PTO removal is under transmission on page 44.

Roger,


----------



## jjz28 (Apr 14, 2013)

Thanks ******, i actually found that on another post in here. I took the engine off and got the tranny out and man is that thing heavy. I left the axles and everything on it and am taking it to Richards outdoor service tomorrow. He said i could wait and he would have it done in 2 hours. I am buying the pto clutch kit and it is around 450 with everything new. I was going to put it in myself but he said he would only charge me 40 bucks to take it apart and put the new one in, what a deal! I only live about 1 1/2 hours from him so i should get it back in tomorrow. First time the engine or tranny have ever been out of this machine. We have never replace any clutches or even the brakes.
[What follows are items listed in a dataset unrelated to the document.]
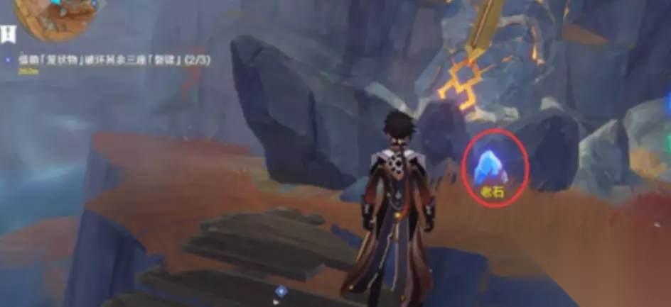 5:琉璃峰一路朝着左边走,路上基本隔着几步就有一堆丘丘人,在倒数第二堆那里有一块老石。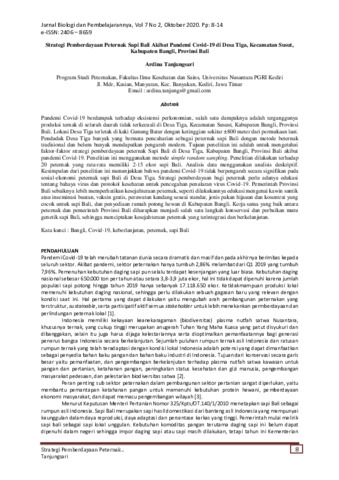 Ardina, Tanjungsari (2020) Strategi pemberdayaan peternak sapi bali akibat pandemi Covid-19 di Desa Tiga, Kecamatan Susut, Kabupaten Bangli, Provinsi Bali. Jurnal Biologi dan Pembelajarannya (JB&P), 7 (2): 2. pp. 8-14. ISSN 2406-8659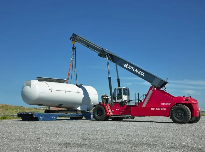 風電塔筒一節(jié)的重量在數(shù)十噸到上百噸不等。科尼正面吊配備起重機吊鉤,可將60-80噸的重物提升至15m高,而兩臺正面吊聯(lián)合作業(yè)可以處理120-160噸的龐大組件,可在小范圍內(nèi)實現(xiàn)靈活搬運。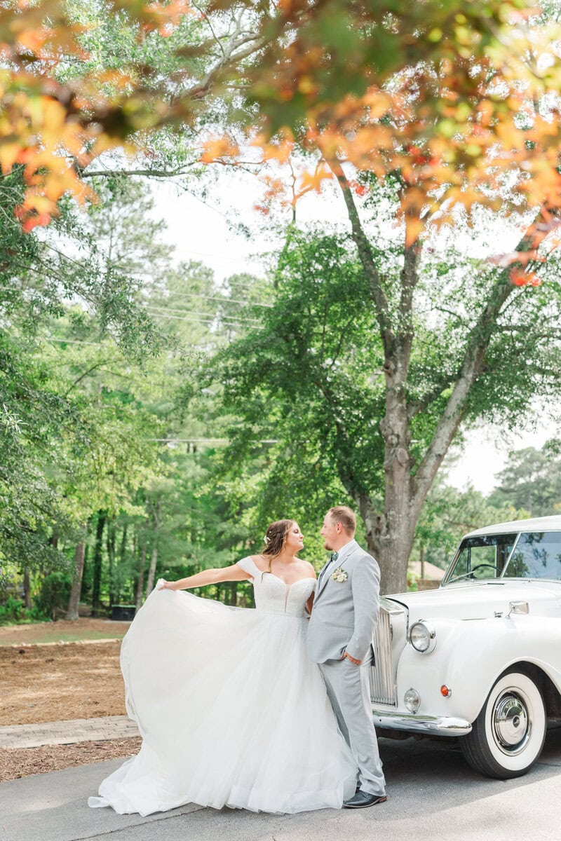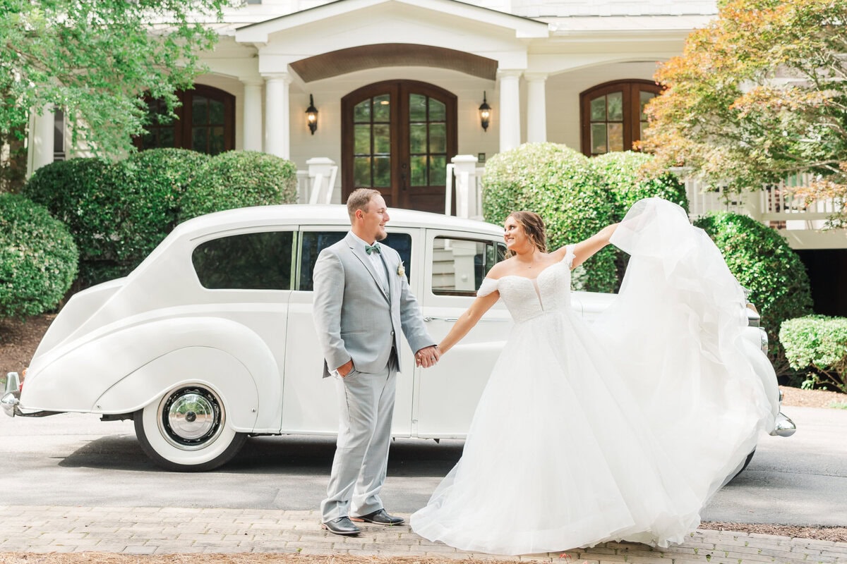 After their church ceremony, Kelly and Matt were surprised by a luxurious Rolls Royce, courtesy of Kelly’s parents. It was such a classy touch and made their getaway from the church extra special. The car followed us all the way to their reception venue, so we were able to grab some amazing photos of them with the car and their beautiful venue in the background!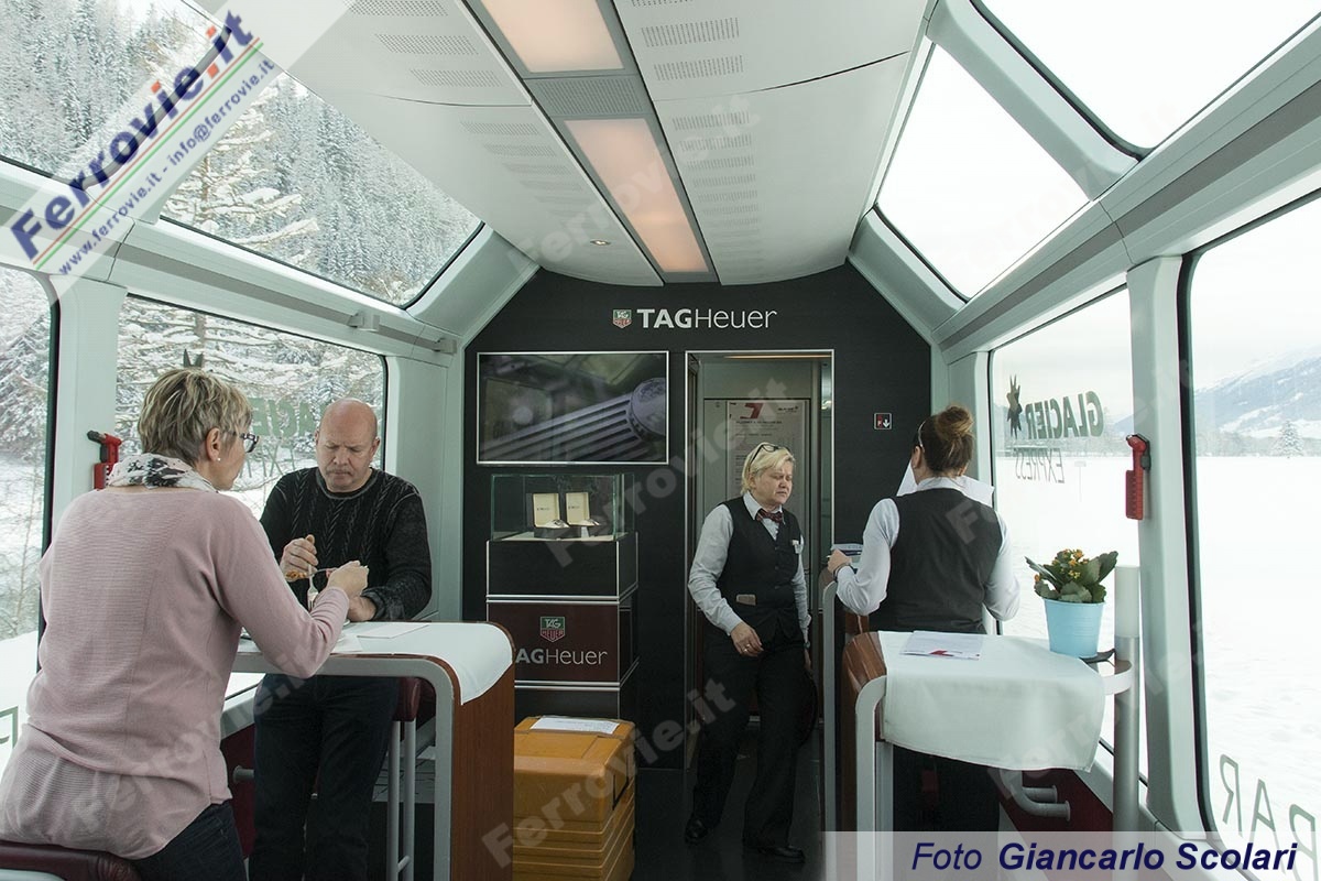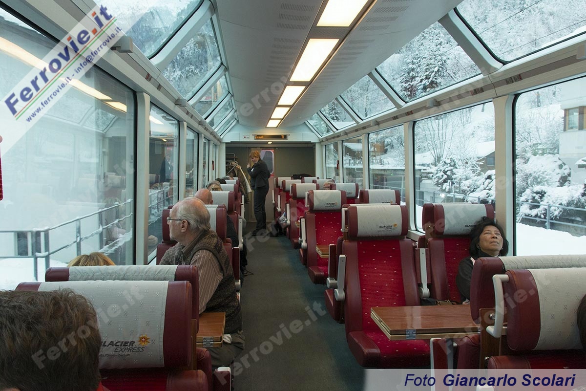 A colpire subito il viaggiatore le ampie vetrate dei finestrini che arrivano fino al soffitto permettendo così di apprezzare in pieno il panorama fantastico che andremo ad incontrare. Purtroppo non è possibile abbassare i finestrini, questo penalizza gli amanti della fotografia. Le vetture in prima classe hanno il classico modulo 2+1, hanno una seduta relativamente comoda (si potrebbe fare di meglio) e un arredamento abbastanza essenziale. Purtroppo non sono disponibili le prese di corrente al posto, difficile arrivare a fine viaggio con il telefonino ancora carico. Apprezziamo molto il vano per i bagagli e l'appendiabiti.

Just oil and fluid changes, never broke down and we have had it since 1983 when new.


----------



## Beaner2u (Jan 9, 2014)

You could not find a better deal anywhere. You had a guardian angle looking out for you.

Roger,


----------



## jjz28 (Apr 14, 2013)

Your right, I wouldn't even want to do it myself if someone offered to do it for $40, especially Richards.


----------



## jjz28 (Apr 14, 2013)

Well guys, I got everything done yesterday. I did my part, take off engine and tranny and take to Richards, took Richards about 1 hour and 45 minutes to put the new pto in. got back and put everything back together and it works! I still have to put the seat and hood back on. My part has been about 4 hours. Next time I would definitely do it myself. The guys at Richards are soooo knowledgeable and helpful. I watched the guy do a lot of it so I know I could do it but he made it look really easy. I cant remember his name because it was so unusual but it starts with a B. I have some pics and one of Richard himself if I can figure out how to post them


----------



## Richard-tx (Jan 30, 2011)

His name is Bjorn


----------